START Available records

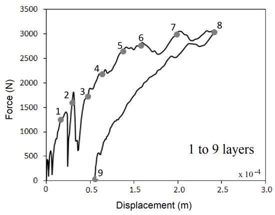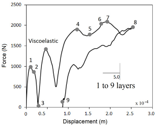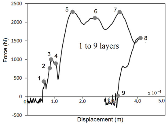 The accelerometer records the acceleration force (G), at a frequency of 104 Hz. According to the suggested equations, they show that the acting force versus displacement has the profiles presented in Figure 14 and Figure 15. The peaks of damage that occurs as the impactor breaks each of the layers. The impactor slows down each time a new delamination occurs. Records the acceleration variations when micro cracks occur in the matrix. In the case of the low energy impact of 30 Joules, the impact force reaches its maximum value by breaking layer 5. Thereafter the layers offer resistance to deformation. In the case of impact at 50 Joules of high energy, the impactor has enough force to continue breaking all the layers until 9 at which it has already bounced.
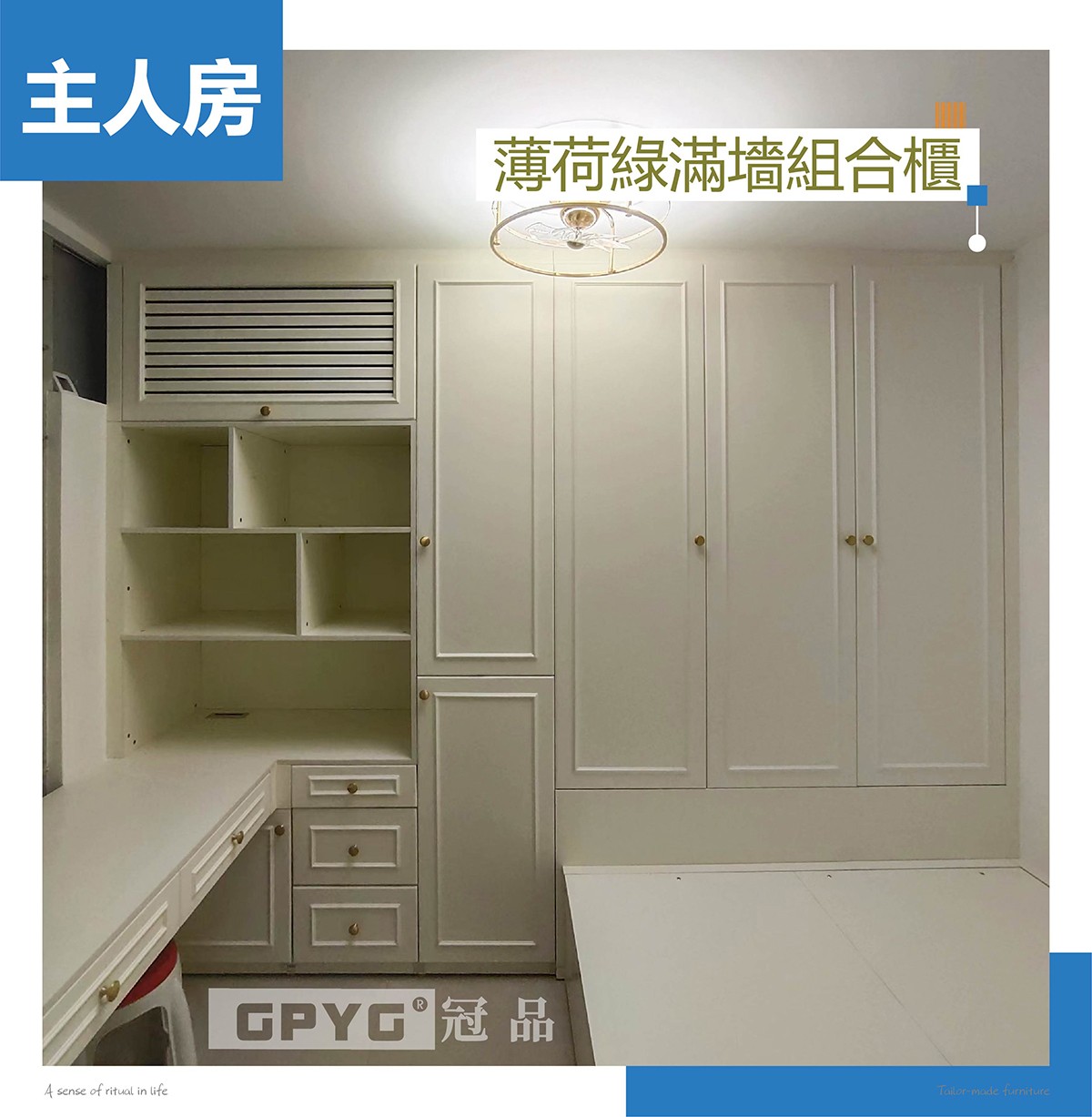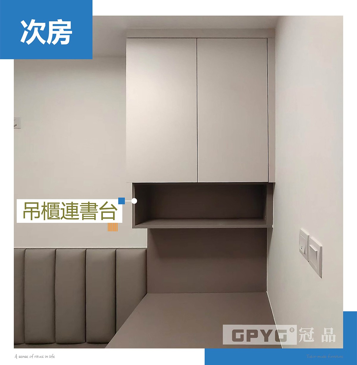 房間:主人房滿牆組合櫃,連埋書台,兒童房錯開式上下床,配爬梯儲物、床頭櫃,次房吊櫃連書台,空間用到盡。
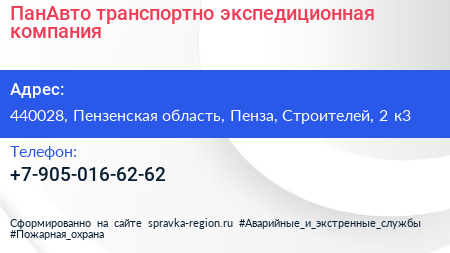 ПанАвто, транспортно-экспедиционная компания по адресу 440028, Пензенская область, Пенза, Строителей, 2 к3 в дальнейшем Организация, размещена в следующих категориях:
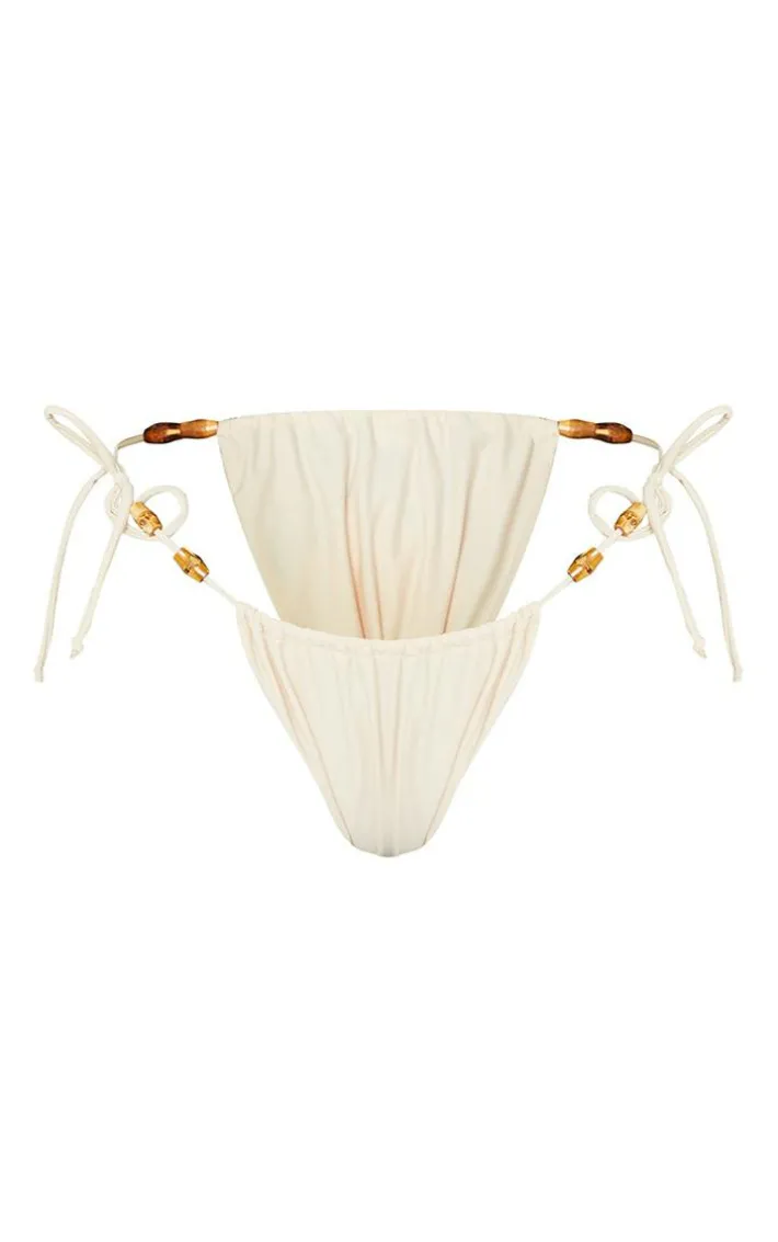 Sand Wooden Bead Ruched Tanga Tie Side Bikini Bottoms
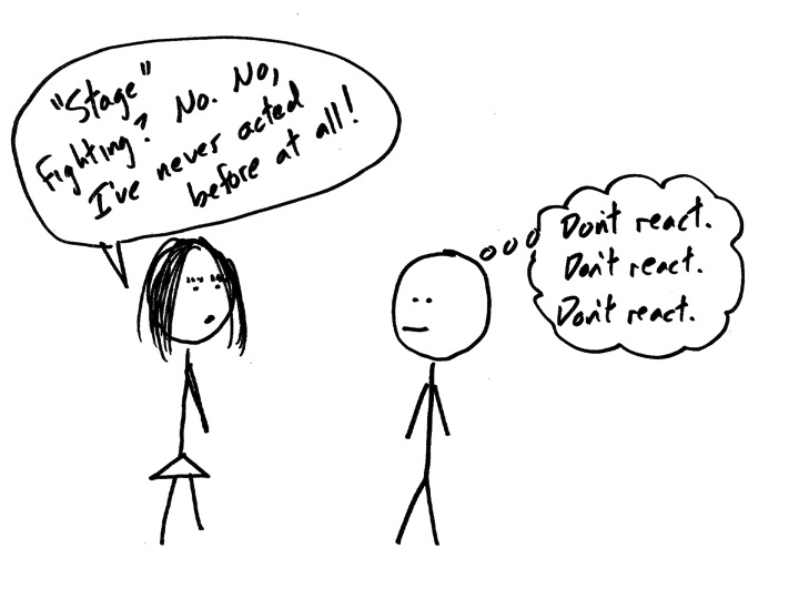 No experience. She was apparently a lead actress of the classical mold – meaning her lack of acting training was unimportant because she had a terrific body. This is not to slight her natural acting ability (I didn’t really get to see it), but I began trying to think of how to teach stage fighting in 10 minutes. I also began to see the process in motion behind the scenes. And so I got concerned.
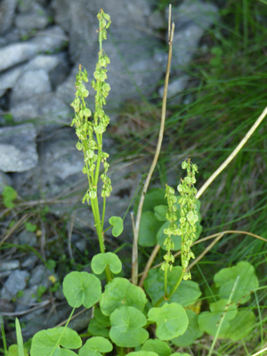 | マルバギシギシ 最初は右側の写真の実を見て気付きましたが、その後に左側の写真の花が咲いている株を見つけました。 |
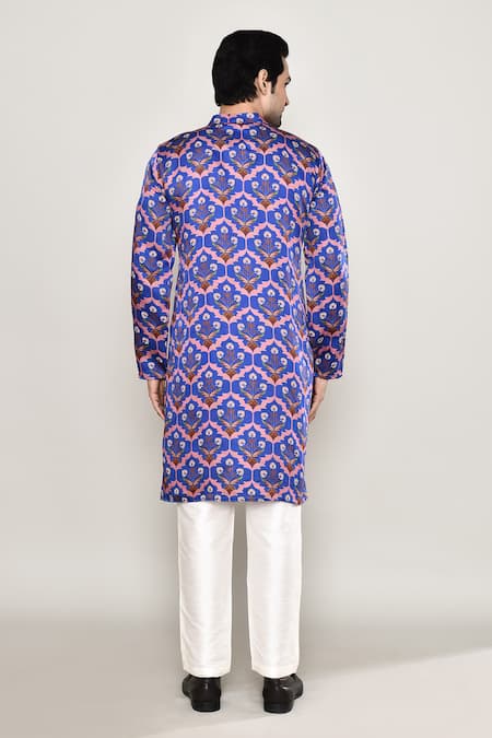 Blue & multi color kurta featuring full sleeves, band collar, and all over guldasta print
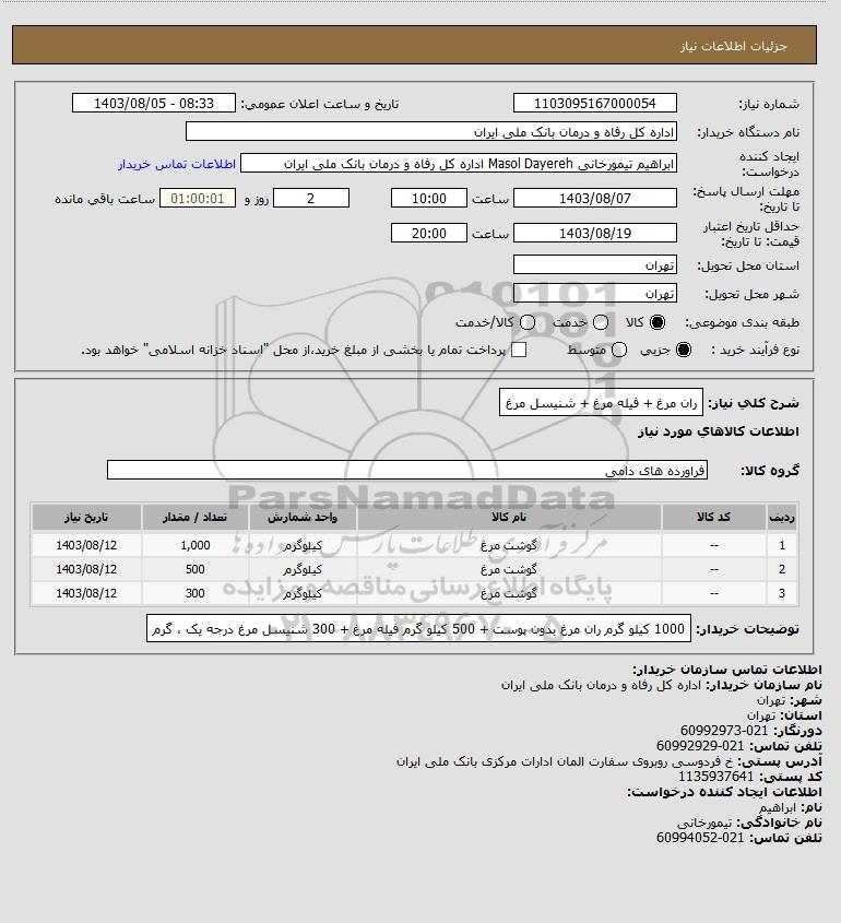 شرح کلی نیاز: ران مرغ + فیله مرغ + شنیسل مرغ
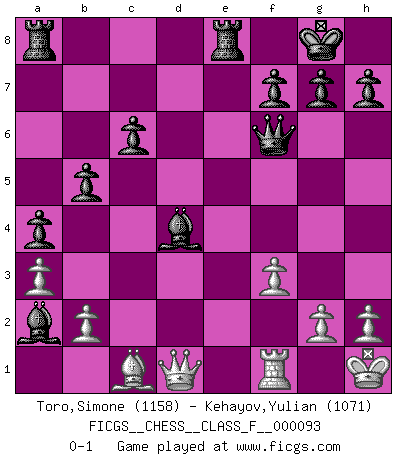 Last move : 0-1 2011 March 25 10:23:40 [Event "FICGS__CHESS__CLASS_F__000093"] [Site "FICGS"] [Date "2011.03.02"] [Round "1"] [White "Toro,Simone"] [Black "Kehayov,Yulian"] [Result "0-1"] [WhiteElo "1158"] [BlackElo "1071"] 1.e4 e5 2.Nf3 Nf6 3.Nc3 Nc6 4.Bb5 Nd4 5.Nxd4 exd4 6.Nd5 c6 7.Nxf6+ Qxf6 8.Bc4 b5 9.Bb3 d3 10.cxd3 Bc5 11.O-O O-O 12.d4 Bxd4 13.d3 a5 14.a3 a4 15.Ba2 Re8 16.Qe2 d5 17.Rb1 dxe4 18.dxe4 Bf5 19.Kh1 Bxe4 20.f3 Bxb1 21.Qd1 Bxa2 0-1 Petrov Three knights game Kingside Castling by player White (move 11) Kingside Castling by player Black (move 11) Player Black won this chess game. Follow this game move after move (download)Of all my Russian books, the defense contains and diffuses the greatest 'warmth' which may seem odd seeing how supremely abstract Chess is supposed to be. (Vladimir Nabokov) Schach sollte überall auf der Welt Schulfach werden. Es fördert die geistige Auseinandersetzung. Es lehrt die Demut in der Niederlage. (Garry Kasparov) Es el objetivo de la escuela moderna no tratar cada posición de acuerdo a una regla general, sino de acuerdo al principio inherente en la posición. (Richard Reti) Les Echecs mettent en conflit, non pas deux intelligences, mais deux volontés. (Lasker) As the days dwindle down... to a precious few. (Maxwell Anderson)
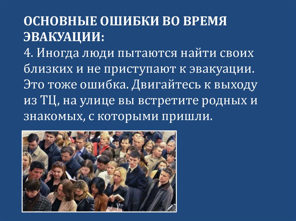 ОСНОВНЫЕ ОШИБКИ ВО ВРЕМЯЭВАКУАЦИИ:
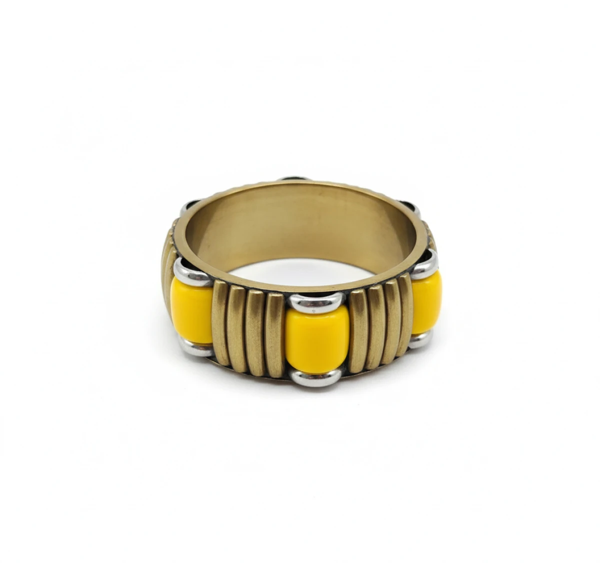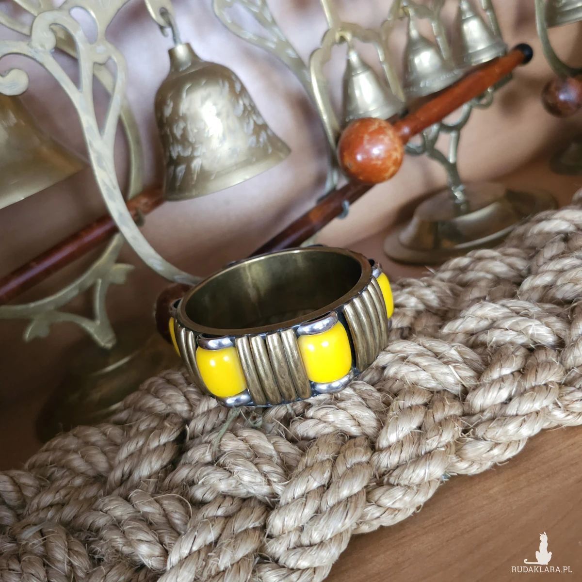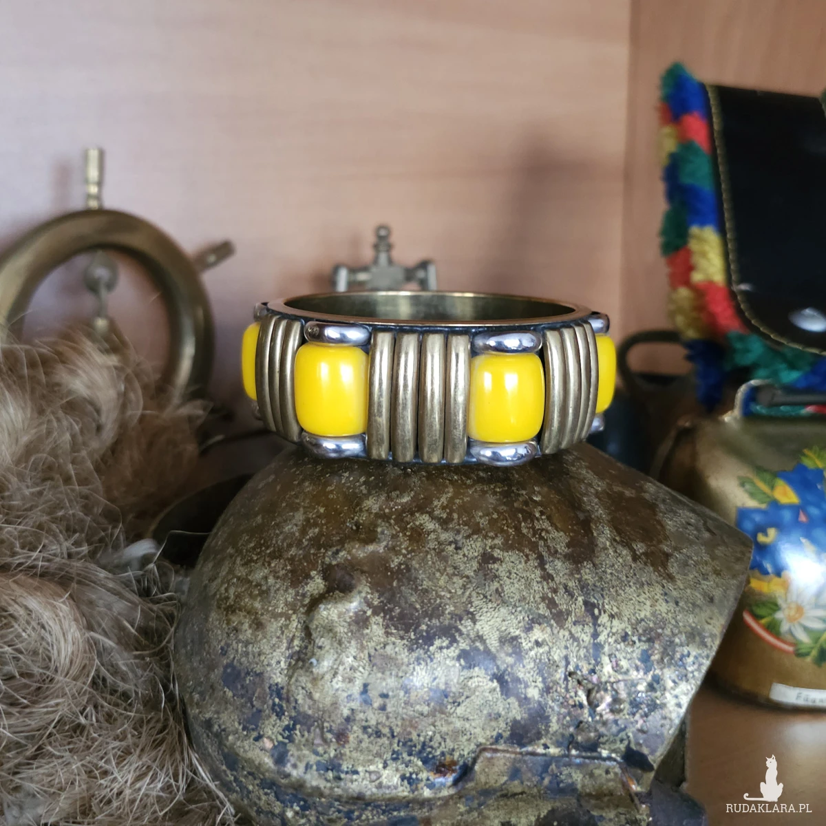 Ta sztywna bransoleta typu bangle, wykonana z mosiądzu, ozdobiona jest dużymi, koralikami z tworzywa sztucznego w intensywnym, słonecznym żółtym kolorze.

END Available records

Exercise details: Please print the data above in its entirety, exactly, but without any picture.

Result of this task:
 The accelerometer records the acceleration force (G), at a frequency of 104 Hz. According to the suggested equations, they show that the acting force versus displacement has the profiles presented in Figure 14 and Figure 15. The peaks of damage that occurs as the impactor breaks each of the layers. The impactor slows down each time a new delamination occurs. Records the acceleration variations when micro cracks occur in the matrix. In the case of the low energy impact of 30 Joules, the impact force reaches its maximum value by breaking layer 5. Thereafter the layers offer resistance to deformation. In the case of impact at 50 Joules of high energy, the impactor has enough force to continue breaking all the layers until 9 at which it has already bounced.
 房間:主人房滿牆組合櫃,連埋書台,兒童房錯開式上下床,配爬梯儲物、床頭櫃,次房吊櫃連書台,空間用到盡。
 ПанАвто, транспортно-экспедиционная компания по адресу 440028, Пензенская область, Пенза, Строителей, 2 к3 в дальнейшем Организация, размещена в следующих категориях:
 Sand Wooden Bead Ruched Tanga Tie Side Bikini Bottoms
 No experience. She was apparently a lead actress of the classical mold – meaning her lack of acting training was unimportant because she had a terrific body. This is not to slight her natural acting ability (I didn’t really get to see it), but I began trying to think of how to teach stage fighting in 10 minutes. I also began to see the process in motion behind the scenes. And so I got concerned.
 | マルバギシギシ 最初は右側の写真の実を見て気付きましたが、その後に左側の写真の花が咲いている株を見つけました。 |
 Blue & multi color kurta featuring full sleeves, band collar, and all over guldasta print
 شرح کلی نیاز: ران مرغ + فیله مرغ + شنیسل مرغ
 Last move : 0-1 2011 March 25 10:23:40 [Event "FICGS__CHESS__CLASS_F__000093"] [Site "FICGS"] [Date "2011.03.02"] [Round "1"] [White "Toro,Simone"] [Black "Kehayov,Yulian"] [Result "0-1"] [WhiteElo "1158"] [BlackElo "1071"] 1.e4 e5 2.Nf3 Nf6 3.Nc3 Nc6 4.Bb5 Nd4 5.Nxd4 exd4 6.Nd5 c6 7.Nxf6+ Qxf6 8.Bc4 b5 9.Bb3 d3 10.cxd3 Bc5 11.O-O O-O 12.d4 Bxd4 13.d3 a5 14.a3 a4 15.Ba2 Re8 16.Qe2 d5 17.Rb1 dxe4 18.dxe4 Bf5 19.Kh1 Bxe4 20.f3 Bxb1 21.Qd1 Bxa2 0-1 Petrov Three knights game Kingside Castling by player White (move 11) Kingside Castling by player Black (move 11) Player Black won this chess game. Follow this game move after move (download)Of all my Russian books, the defense contains and diffuses the greatest 'warmth' which may seem odd seeing how supremely abstract Chess is supposed to be. (Vladimir Nabokov) Schach sollte überall auf der Welt Schulfach werden. Es fördert die geistige Auseinandersetzung. Es lehrt die Demut in der Niederlage. (Garry Kasparov) Es el objetivo de la escuela moderna no tratar cada posición de acuerdo a una regla general, sino de acuerdo al principio inherente en la posición. (Richard Reti) Les Echecs mettent en conflit, non pas deux intelligences, mais deux volontés. (Lasker) As the days dwindle down... to a precious few. (Maxwell Anderson)
 ОСНОВНЫЕ ОШИБКИ ВО ВРЕМЯЭВАКУАЦИИ:
 Ta sztywna bransoleta typu bangle, wykonana z mosiądzu, ozdobiona jest dużymi, koralikami z tworzywa sztucznego w intensywnym, słonecznym żółtym kolorze.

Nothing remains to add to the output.